Both algorithms provide exactly the same parameters and implement the algorithm as described in [1]. Therefore, both implementations were evaluated on the BSDS500 [3] using the same parameter settings. As the presented implementation tries to improve connectivity, it is likely to produce less superpixels for the same parameter settings. Figure 1 shows quantitative results with respect to the discussed metrics. Even though the presented implementation generates less superpixels, it demonstrates higher performance with respect to all three metrics.

**click to enlarge**): Quantitative results in terms of Boundary Recall $\text{Rec}$, Undersegmentation Error $\text{UE}$ and Explained Variation $\text{EV}$. Results have been computed on the test set of the BSDS500 using the same parameter settings. The results can also be downloaded as PDF.

Qualitative results are shown in Figure 2. Note the difference in the number of superpixels computed for the same parameters ‐ this illustrates the improved connectivity of the presented implementation. Also note that this difference is not necessarily perceivable, i.e. the number of superpixels counted for the original implementation may be higher due to small groups of pixels not being connected the the remaining pixels of the same superpixel. Except for this difference, the superpixels exhibit similar characteristics — or example the irregular boundaries within regions with mostly homogeneous color.

Figure 2 (**click to enlarge**): Qualitative results for both implementations on the BSDS500. Top row: results form the presented implementation with an average of $700$ superpixels over the three shown images.
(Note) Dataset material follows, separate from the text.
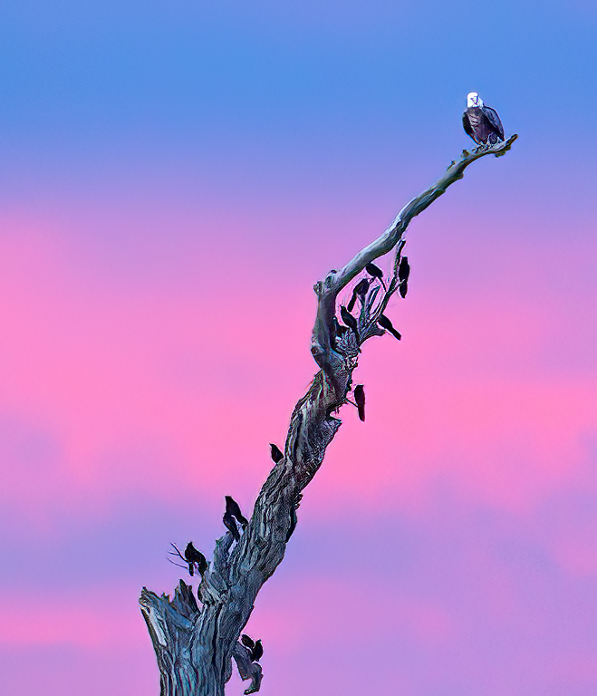 Mike, I can see why you enjoy the composition and soft colors. This is distinctive because of the colors and the great number of other birds on the dead branch. The branch and number of the other birds makes it necessary to not have a close up of the eagle. I realize it is an older photo. I might still suggest that you select the eagle, use Camera RAW filter and adjust the slider to brighten the shadows. This brings out the tones of each feather. I like Topaz DeNoise AI and Sharpen AI. Let me know if this looks better to you. Jim |
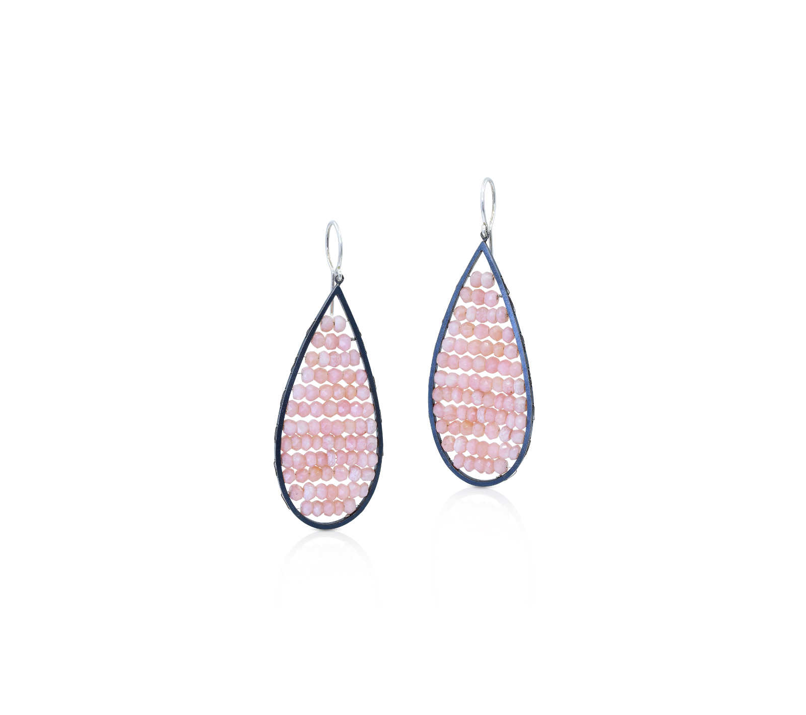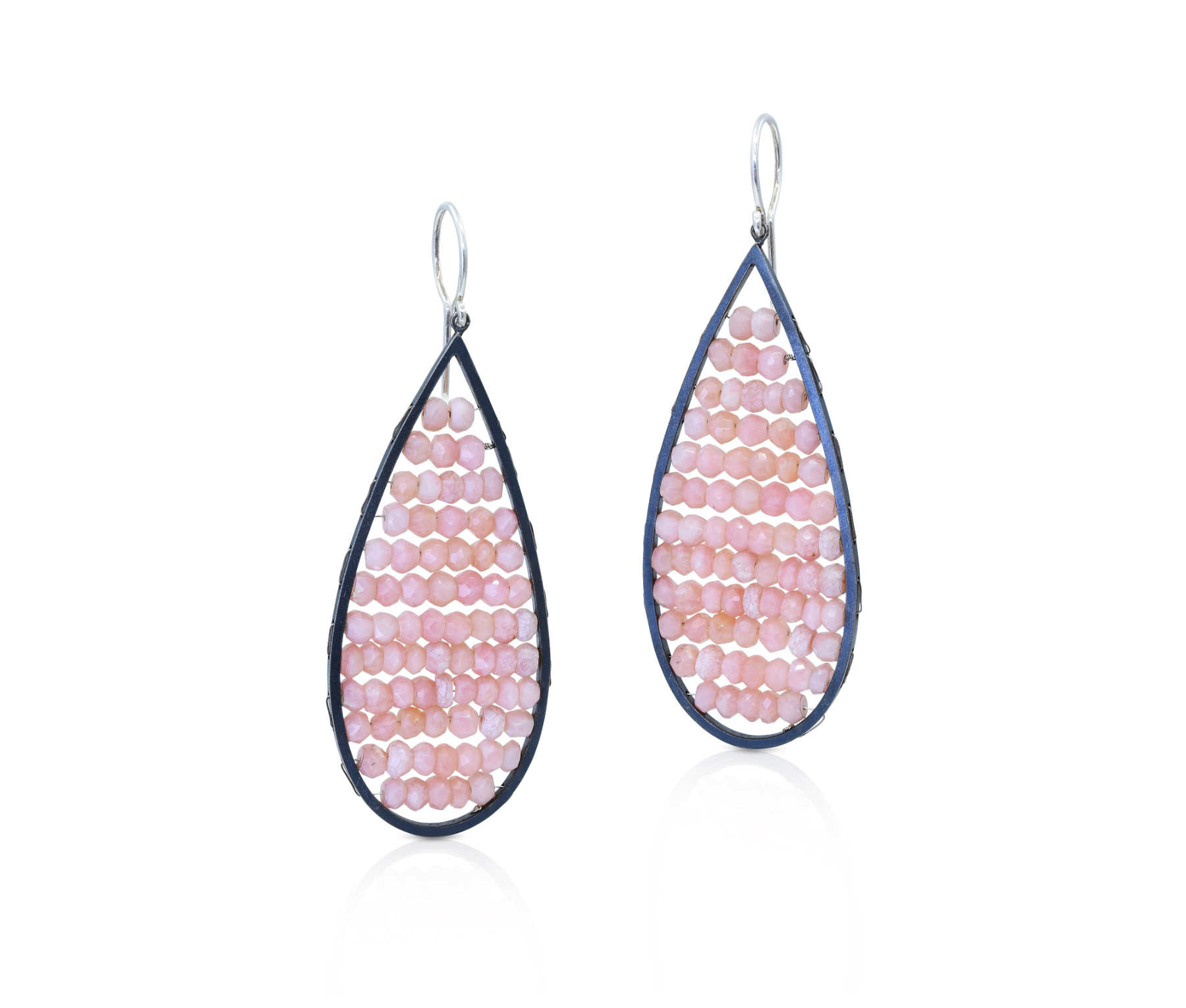 Oxidised sterling silver, Peruvian opal bead hook earrings [69.92 x 25.60mm] [$620]

Middle row: results form the original implementation with a average of $800$ superpixels over the three shown images. Bottom row: results from the presented implementation using the same parameters as in the middle row, resulting in roughly $300$ superpixels over the three shown images. Note how the same parameters result in less superpixels in the presented implementation. This demonstrates improved connectivity. Also note that, visually, the results in the middle row and bottom row look similar. This suggests that the high number of superpixels of the original implementation is mainly due to small groups of pixels not being connected to the remaining pixels of the superpixel.

### References

- [1] P. F. Felzenswalb, D. P. Huttenlocher.
*Efficient graph-based image segmentation*. International Journal of Computer Vision 59 (2) (2004) 167–181. - [2] M. Grundmann, V. Kwatra, M. Han, I. Essa.
*Efficient Hierarchical Graph Based Video Segmentation*. CVPR, 2010. - [3] P. Arbeláez, M. Maire, C. Fowlkes, J. Malik.
*Contour detection and hierarchical image segmentation*. IEEE Transactions on Pattern Analysis and Machine Intelligence 33 (5), 2011. - [4] P. Neubert, P. Protzel.
*Superpixel benchmark and comparison*. In: Forum Bildverarbeitung, 2012. - [5] A. P. Moore, S. J. D. Prince, J. Warrell, U. Mohammed, G. Jones. Superpixel lattices. IEEE Conference on Computer Vision and Pattern Recognition, 2008.